A Window on a Man’s Morality


The Republicans’ comfortable majority in the Senate means that Alberto R. Gonzales will almost certainly be confirmed as the next attorney general. With hearings on his nomination set to start today, many Democrats think the best they can do is wound Gonzales enough with questions about his notorious torture memos to disqualify him for any future Supreme Court seat. In the end, however, they will feel pressure to support him or face retaliation from Republicans.

They should resist.

The eight Democrats and a smattering of moderate Republicans who voted for John Ashcroft four years ago probably felt the same pressure.

No one now can doubt the enormous power the attorney general wields or the lasting harm the person who holds that office can do. Gonzales may not share his predecessor’s zeal in hounding X-rated moviemakers or cancer patients who smoke marijuana, but as the president’s chief lawyer, he has been every bit as reckless.


As a leading architect of Bush’s ends-justifies-means war on terror, Gonzales pushed to justify torturing terror suspects in violation of international law, promoted military tribunals that echo Stalin’s show trials, helped write the Patriot Act (which, among other powers, gives government agents vast new snooping authority) and excused the limitless imprisonment of American citizens whom the president merely suspects of terror activity.

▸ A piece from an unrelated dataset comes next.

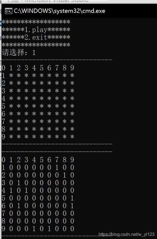 第一个数组是玩家在游戏看到的数组,第二个数组是存放雷的数组,在游戏中第二个数组不会被打印

Three years into that war, much of Gonzales’ handiwork has been rejected by courts, damned by the world community and disavowed by the administration -- as in the Justice Department memo quietly released last week declaring that “torture is abhorrent to both American law and values and to international norms.”

Gonzales’ defenders argue that, as White House counsel, he was simply a passionate advocate for his client. But the most devoted counselor knows that, even in wartime, there are legal and moral lines this nation crosses at peril to its own citizens and those of other countries. Gonzales’ justifications opened the door to the abuse at Abu Ghraib prison and the Guantanamo Bay detention facility. The mistreatment and prisoner deaths that occurred have raised fears of retaliation against captured Americans. Those concerns prompted a dozen retired generals and admirals, along with civil rights groups, to oppose Gonzales’ nomination.

Our justice system relies on an attorney general willing to defend civil liberties as ardently as he pursues criminals and terrorists. That person must be someone who respects both the power and the limits of law.

Gonzales’ record as White House counsel is not just a series of unfortunate missteps; rather, it is a troubling window into the man’s morality and his fitness to be the nation’s chief lawyer. Democratic senators will surely ask Gonzales sharp and embarrassing questions about the principles that guided his tenure in the Office of Legal Counsel. These lawmakers then ought to demonstrate that they understand the principles at stake by actually voting no.